それにしても、このことから、「前田容疑者個人が出世や周囲からの期待といった功名心から引き起こした犯罪」ではなく、「特捜組織自体の構造上の性質から引き起こされた犯罪」でもあるといえることになったと思う。
ポイントは、
【特捜検察だけが、独自の判断で事件に着手でき、自ら捜査、逮捕まで行う権限を持っている】
という問題点である。
特捜以外の検察の本来の役割は、
【公判を担当する過程で、事件捜査を行った警察の捜査のあり方をチェックすること】である。
しかし、特捜は、自己完結型。
「捜査、逮捕、起訴」とすべてを行うことができると同時に、特捜が行うプロセスの検証者がいないのである。
このことは、例えば、
◇村木さんのケースのように、証拠を改ざんしてまで検察が描いたストーリーにする
◇検察が事件のシナリオを描き、無理矢理ストーリーを押しつけ調書を取る
◇強引な捜査、取り調べを行う
◇ストーリー通りの自白をしない限り、拘留し続ける
◇マスコミに情報をリークし、世論を信じ込ませ、事件を社会的に作っていく
◇「正義の味方」をきどり、少しでも大きな事件にしたいと言う功名心がはたらく
といった問題点が起き得る温床となったのだ。
私が、以上のように挙げた問題点は、以前から多くの識者が指摘していた。
しかし、裁判所も、頼みの記者クラブでぬくぬくと取材できるマスコミも「正しい情報」として扱ってきたのだ。

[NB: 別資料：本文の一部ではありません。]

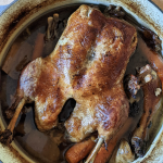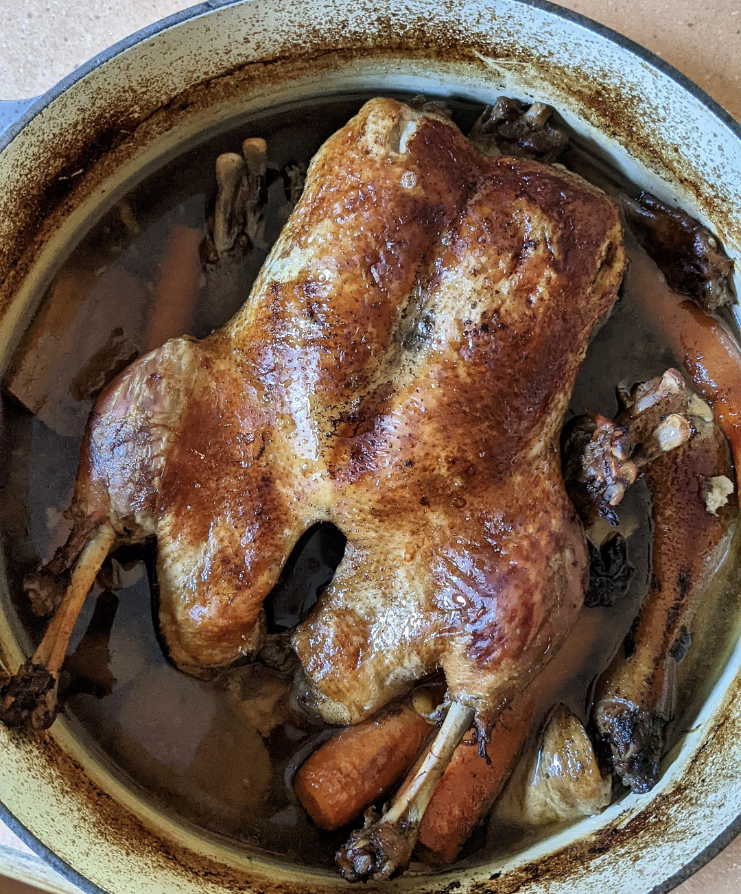 Remove the duck from the oven and flip it over. Turn up the oven to 220 and cook for a further 15 minutes until crispy on top.

裁判所については、「検察調書優先主義」を貫き、検察と被告側と対立する証拠や証言が出てきても、「検察調書」を「被告側の主張」よりも重視していた。
裁判所がいままで取ってきたこの対応も、間接的には、「特捜の問題点」を助長させる要因のひとつになっていると思う。
また、マスコミも、現在、盛んに「検証報道や検証番組」を行っている。
そこでは言い訳のように「まさか、検察が情報を改ざんしているとは思っていなかった」と振り返っているが、これは、自ら「検察が記者クラブで発表する情報について自ら検証することなく世間に垂れ流してきました」と言っているのと同じである。
自らの足を棒にして、情報を取ることをサボり、たいして労力を掛けずに記者クラブで、一方的に与えられた情報をぬくぬくとまとめて記事にするだけで、ジャーナリストといえるのであろうか。
これでは、「都合のよい情報のみを国民に垂れ流し、悪い情報は遮断する中国」をバカにすることはできない。
まさに、戦時中の「大本営発表」と一緒であり、マスメディアの皆さんには、猛省してもらいたい。
つまり、記者クラブで、検察が一方的に発表する情報を「正しい情報」として捉え、裁判を開いて判定されていないのにすべてが確定した真相であるがごとく、世論を結果的に誘導してきた罪は大きいと言わざる得ない。
私達、一般市民も「新聞やテレビからの情報」を鵜呑みに信頼し過ぎであろう。
もちろん、私達が、記者のように、「足を棒にして自ら情報を得ること」はできない。
しかし、マスメディアが報道する情報を、すべて鵜呑みにせず「本当にそういえるのかな?」「一方的な情報ではないのかな?」などとチェックしながらニュースを捉え、「報道の大きさや世の中の反響に惑わされない深くものごとを見る目を持つ」ことが重要なのだ。
ここ数年、福島県知事汚職事件、ライブドア事件、鈴木宗男氏政治資金等関連事件、小沢一郎氏政治資金件連事件など特捜が手掛けてきた世間を賑わせた事件は数多い。
特捜組織の構造の見直しに加えて、これらの事件の検証も必要なのではないだろうかと思う。